What did she know about him, really? Not much, though she felt closer to him than anyone else in the family, and he seemed to feel the same. ‘We arrived together,’ he used to say, meaning that in the same week she’d been born he’d been allowed out of Varina to join his daughter in England. And they were the two who were mostly at home. Poppa was a road engineer, always flying round the world to advise on tricky bits of highway building, and Momma worked for IBM outside Winchester and often didn’t get home till late.
But there was more to their closeness than that. Letta was pretty well certain that she’d been born by accident. After all, Momma had been getting on for forty, with a really good job, and a grandchild on the way when she’d become pregnant. And it was a bit the same about Grandad. Nobody’d ever really expected the Communists would let him out, though there’d been a terrific campaign, and Momma must have been really happy when it happened, still, now she’d got this old man to think about as well as the baby . . . Momma was a perfectly good mother. She did everything she was supposed to, and took trouble over it, but somehow there was a sort of barrier between her and Letta. They didn’t touch or hug much, or talk about things that mattered. Letta felt closer to her eldest brother Steff, whom she saw only four or five times a year, than she did to Momma. And Poppa was away too much for her to get to know him well, either, if you could.

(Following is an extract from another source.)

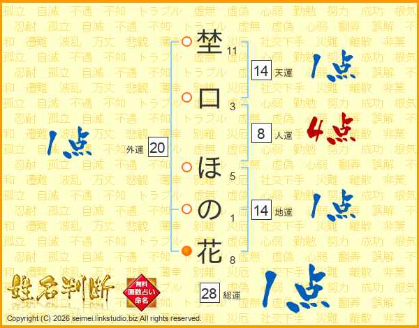 埜口ほの花さんの総運は28画の1点!

She wasn’t sure about that either. So Grandad was the person who mattered most in her life. They shared a sort of out-sidishness, accidentalness, not-quite-fittingness as members of the family. They didn’t talk about any of this, but Letta was pretty sure that Grandad knew about it and felt it too.

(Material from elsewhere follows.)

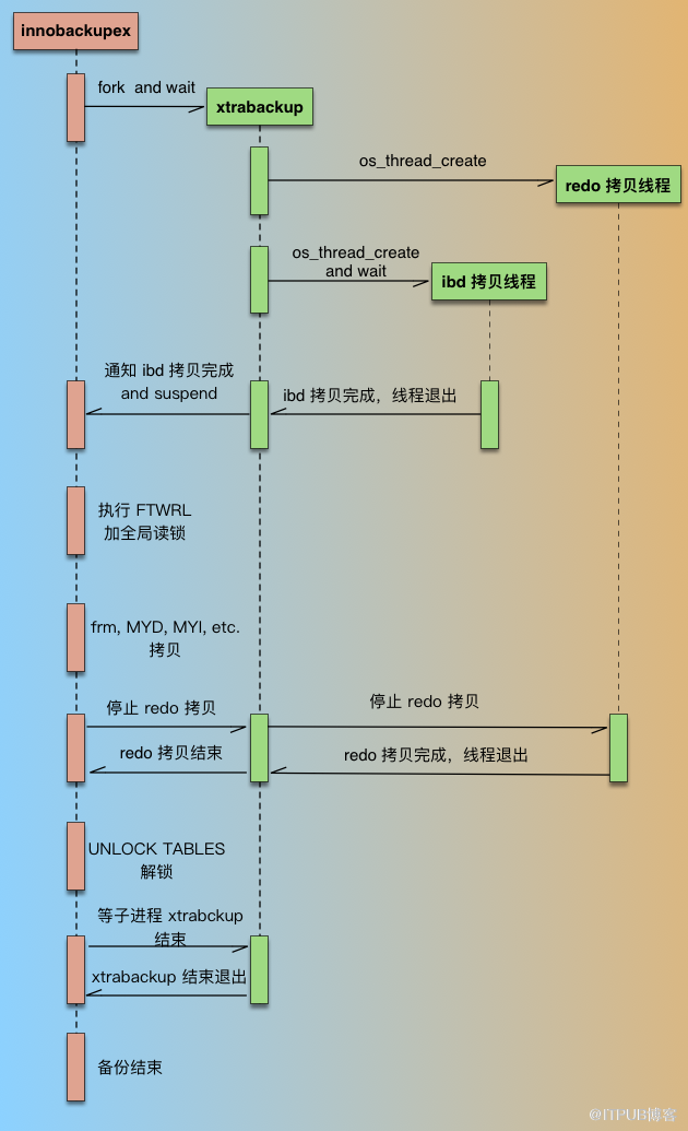 最后 innobackupex 和 xtrabackup 进程各自完成收尾工作,如资源的释放、写备份元数据信息等,innobackupex 等待 xtrabackup 子进程结束后退出。

But what else? Last birthday he’d been eighty-one. And years before that, when he was still almost a young man, he’d been Prime Minister of Varina for a fortnight, ‘because I had the same name as my great-grandfather’. Another of his jokes. He never said any more about it than that. Then the Communists had taken over and put him in prison, and he’d stayed there over thirty years. He never talked about that either. Today was the first time Letta had heard him even hint at it.
About twenty minutes later, he sighed and closed the grammar.
‘Neither of us is paying attention,’ he said.
‘I’m sorry, but . . .’
‘We are both thinking of other things. It’s my fault. I should not have talked about the past. What shall we do instead?’
‘Well, there’s the goat-boy book. We never finished that.’
Grandad made a face.
‘I think we can spare ourselves that,’ he said.
Letta had done her first lessons from the book, which was even more battered than the grammar, simple stories written years and years ago for children to start learning Formal, but whoever had written it – she was called Anya Orestes, Grandad said, though the title page was missing – didn’t seem to have had much idea what children are interested in, so the stories were the worst kind of soppy-pretty, and boring with it.